#### [Problem]
Every line from the top of the records below through the one containing "产品户型方面,预计主推建面约" must be copied exactly, and the pictures must not be.

#### [Stored items from a collection]
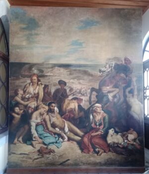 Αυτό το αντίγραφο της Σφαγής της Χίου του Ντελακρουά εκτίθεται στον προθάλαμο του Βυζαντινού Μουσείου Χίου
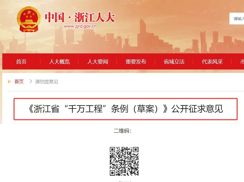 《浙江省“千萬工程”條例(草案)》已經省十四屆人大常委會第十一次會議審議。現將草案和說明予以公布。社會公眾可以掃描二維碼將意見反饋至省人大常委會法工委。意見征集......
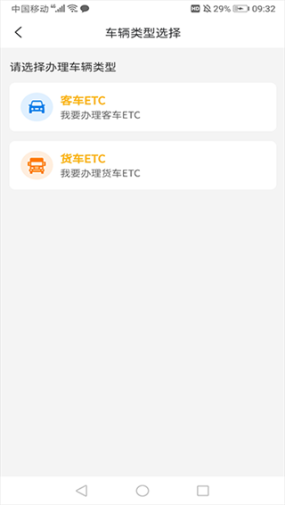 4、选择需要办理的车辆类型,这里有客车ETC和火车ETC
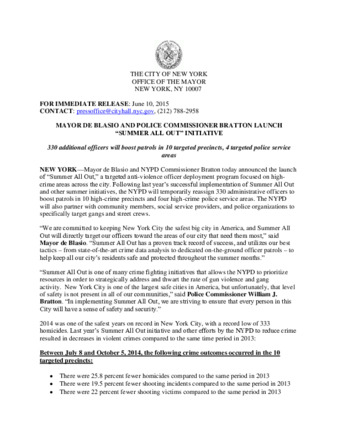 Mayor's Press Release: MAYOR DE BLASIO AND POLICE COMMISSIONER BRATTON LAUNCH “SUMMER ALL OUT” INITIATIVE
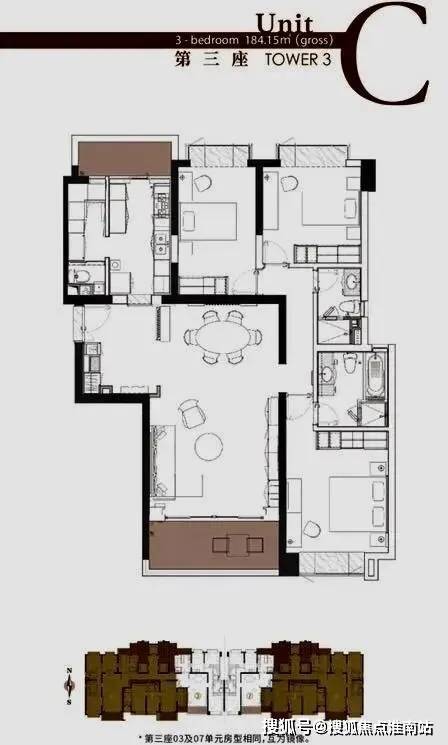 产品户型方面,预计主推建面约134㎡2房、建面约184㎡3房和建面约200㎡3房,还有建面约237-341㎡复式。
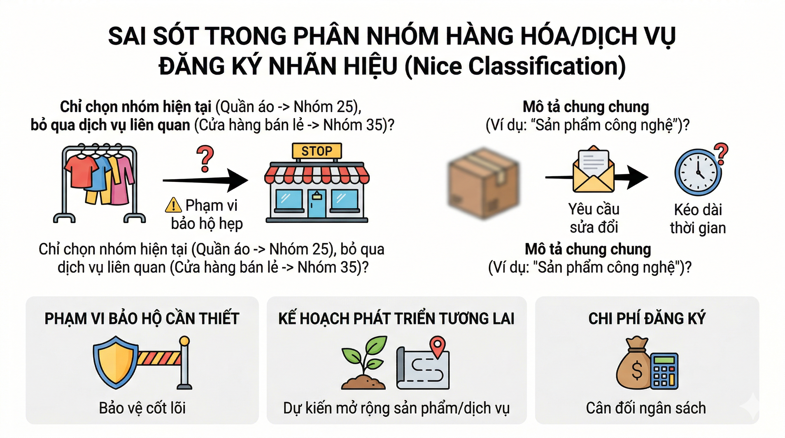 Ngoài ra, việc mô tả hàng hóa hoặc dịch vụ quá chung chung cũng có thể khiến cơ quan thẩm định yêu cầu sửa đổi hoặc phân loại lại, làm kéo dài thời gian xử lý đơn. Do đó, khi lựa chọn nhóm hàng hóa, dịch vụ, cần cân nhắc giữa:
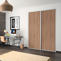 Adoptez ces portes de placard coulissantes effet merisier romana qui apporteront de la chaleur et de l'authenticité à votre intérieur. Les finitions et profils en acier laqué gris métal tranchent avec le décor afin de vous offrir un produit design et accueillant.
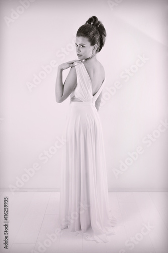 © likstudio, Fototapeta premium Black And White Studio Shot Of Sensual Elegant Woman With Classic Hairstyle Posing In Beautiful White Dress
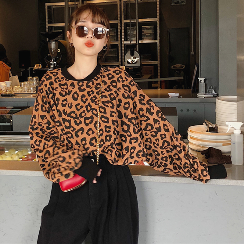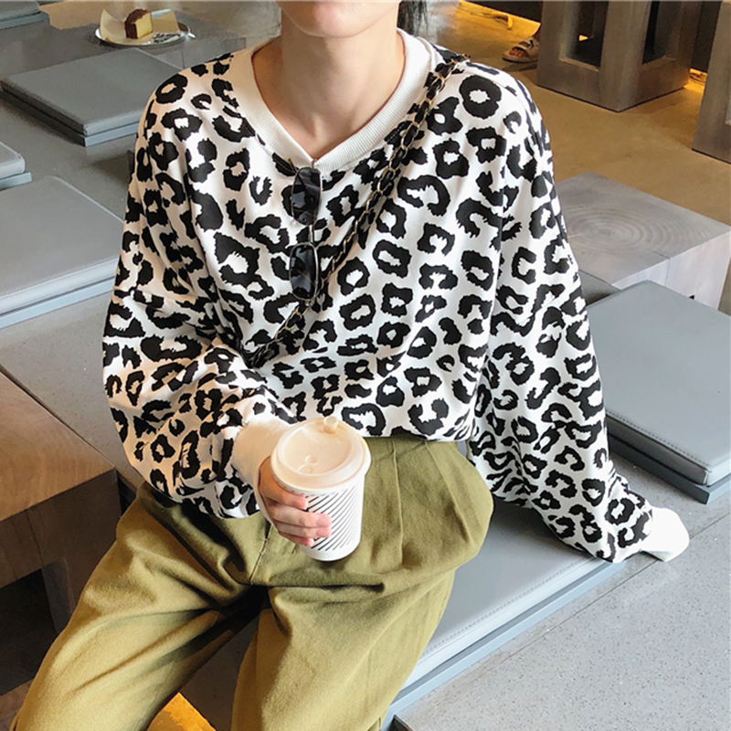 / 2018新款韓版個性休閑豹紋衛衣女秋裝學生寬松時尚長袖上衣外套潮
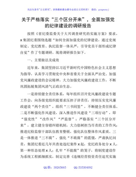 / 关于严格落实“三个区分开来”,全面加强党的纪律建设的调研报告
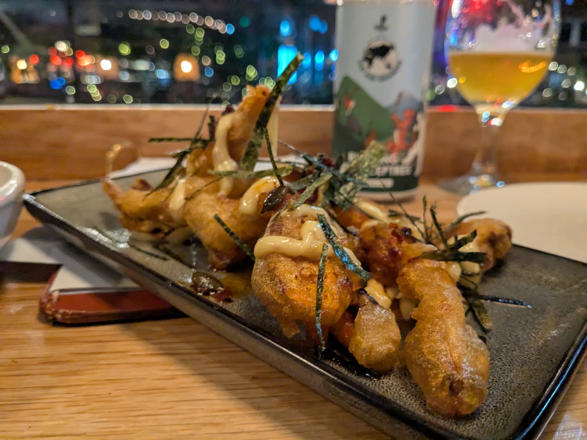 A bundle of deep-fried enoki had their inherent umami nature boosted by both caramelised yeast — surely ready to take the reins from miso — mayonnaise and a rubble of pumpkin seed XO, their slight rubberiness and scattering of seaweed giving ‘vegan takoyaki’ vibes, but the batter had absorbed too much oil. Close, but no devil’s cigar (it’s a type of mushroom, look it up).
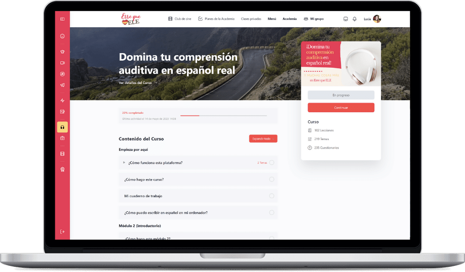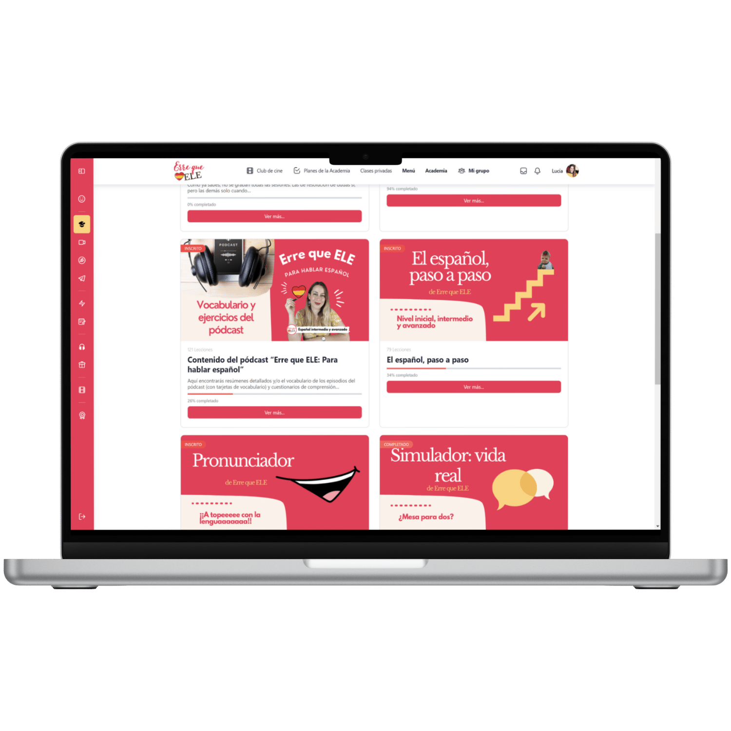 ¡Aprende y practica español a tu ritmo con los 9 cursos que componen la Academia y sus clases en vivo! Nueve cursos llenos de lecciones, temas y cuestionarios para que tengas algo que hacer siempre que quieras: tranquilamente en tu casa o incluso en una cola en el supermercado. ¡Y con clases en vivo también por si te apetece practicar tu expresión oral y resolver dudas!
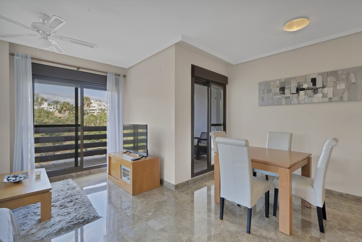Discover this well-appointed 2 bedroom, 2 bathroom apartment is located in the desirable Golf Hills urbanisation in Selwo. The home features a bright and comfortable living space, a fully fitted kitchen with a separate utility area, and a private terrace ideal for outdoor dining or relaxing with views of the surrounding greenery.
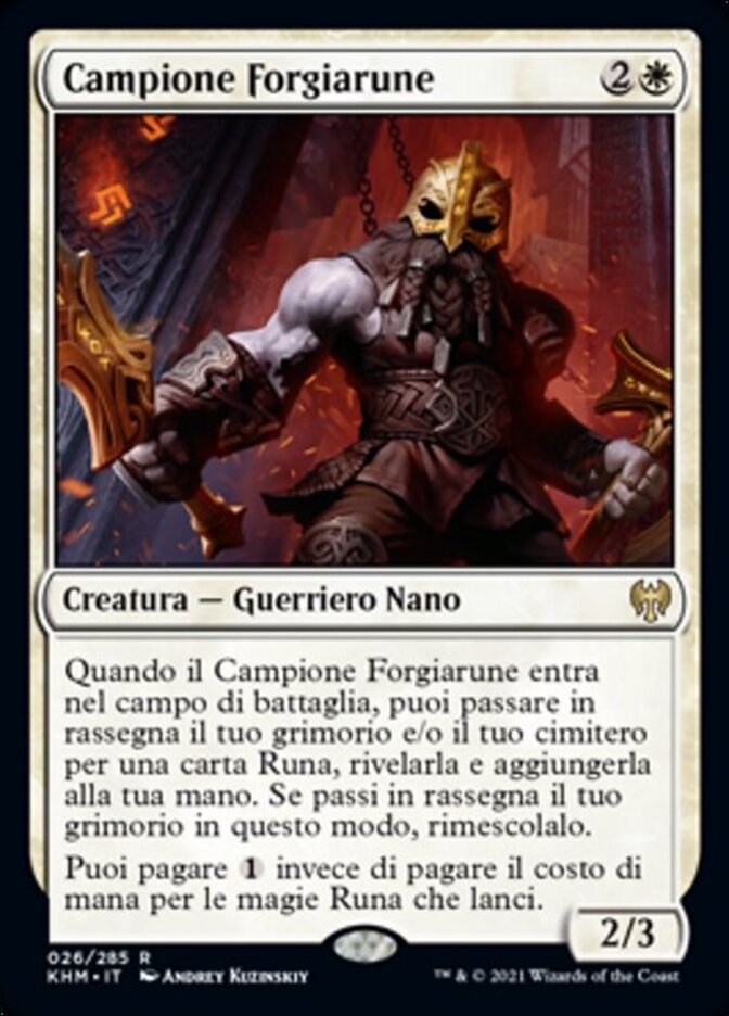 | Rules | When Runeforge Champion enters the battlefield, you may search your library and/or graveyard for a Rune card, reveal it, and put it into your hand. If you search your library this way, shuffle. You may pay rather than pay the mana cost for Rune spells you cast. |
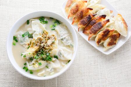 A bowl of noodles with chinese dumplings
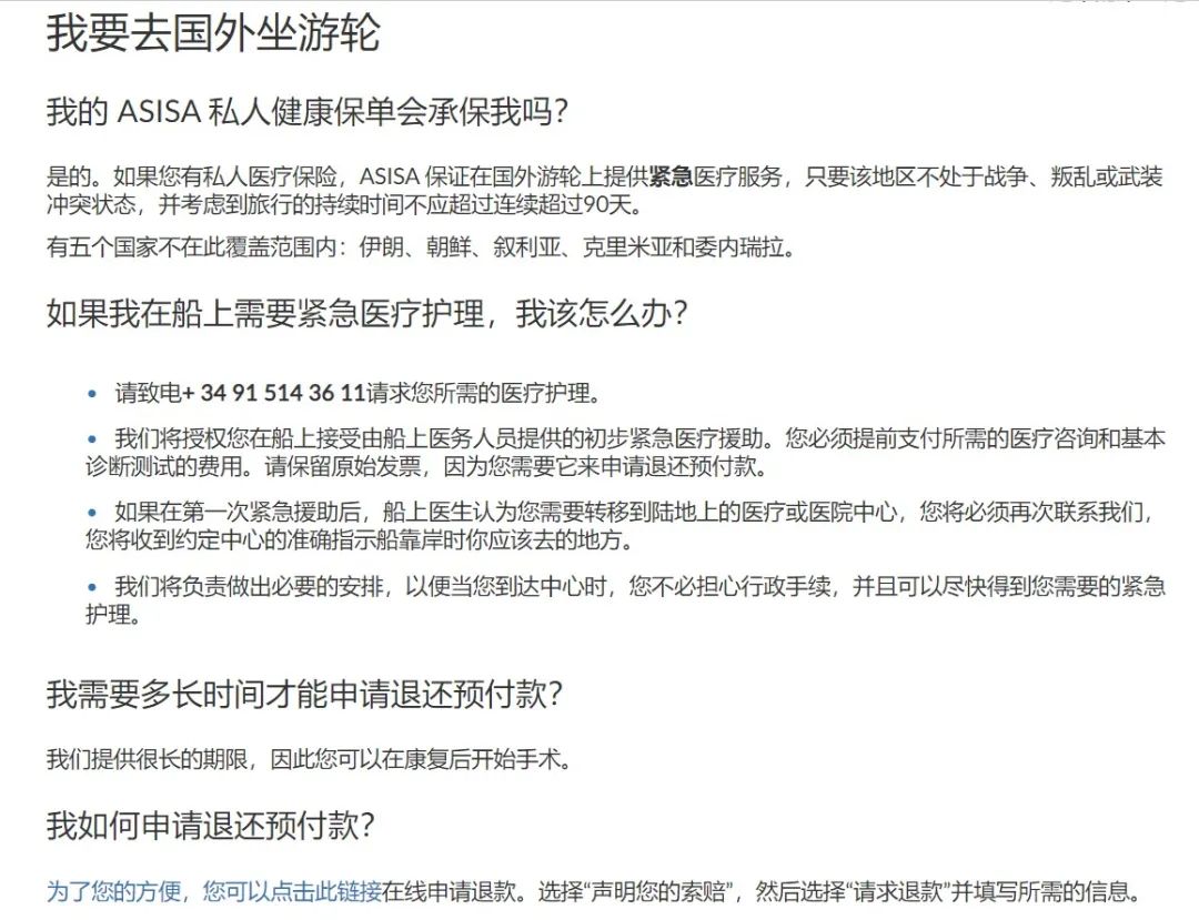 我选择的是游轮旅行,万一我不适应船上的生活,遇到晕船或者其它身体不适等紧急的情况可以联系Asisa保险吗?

#### [Solution to this exercise]
 Αυτό το αντίγραφο της Σφαγής της Χίου του Ντελακρουά εκτίθεται στον προθάλαμο του Βυζαντινού Μουσείου Χίου
 《浙江省“千萬工程”條例(草案)》已經省十四屆人大常委會第十一次會議審議。現將草案和說明予以公布。社會公眾可以掃描二維碼將意見反饋至省人大常委會法工委。意見征集......
 4、选择需要办理的车辆类型,这里有客车ETC和火车ETC
 Mayor's Press Release: MAYOR DE BLASIO AND POLICE COMMISSIONER BRATTON LAUNCH “SUMMER ALL OUT” INITIATIVE
 产品户型方面,预计主推建面约134㎡2房、建面约184㎡3房和建面约200㎡3房,还有建面约237-341㎡复式。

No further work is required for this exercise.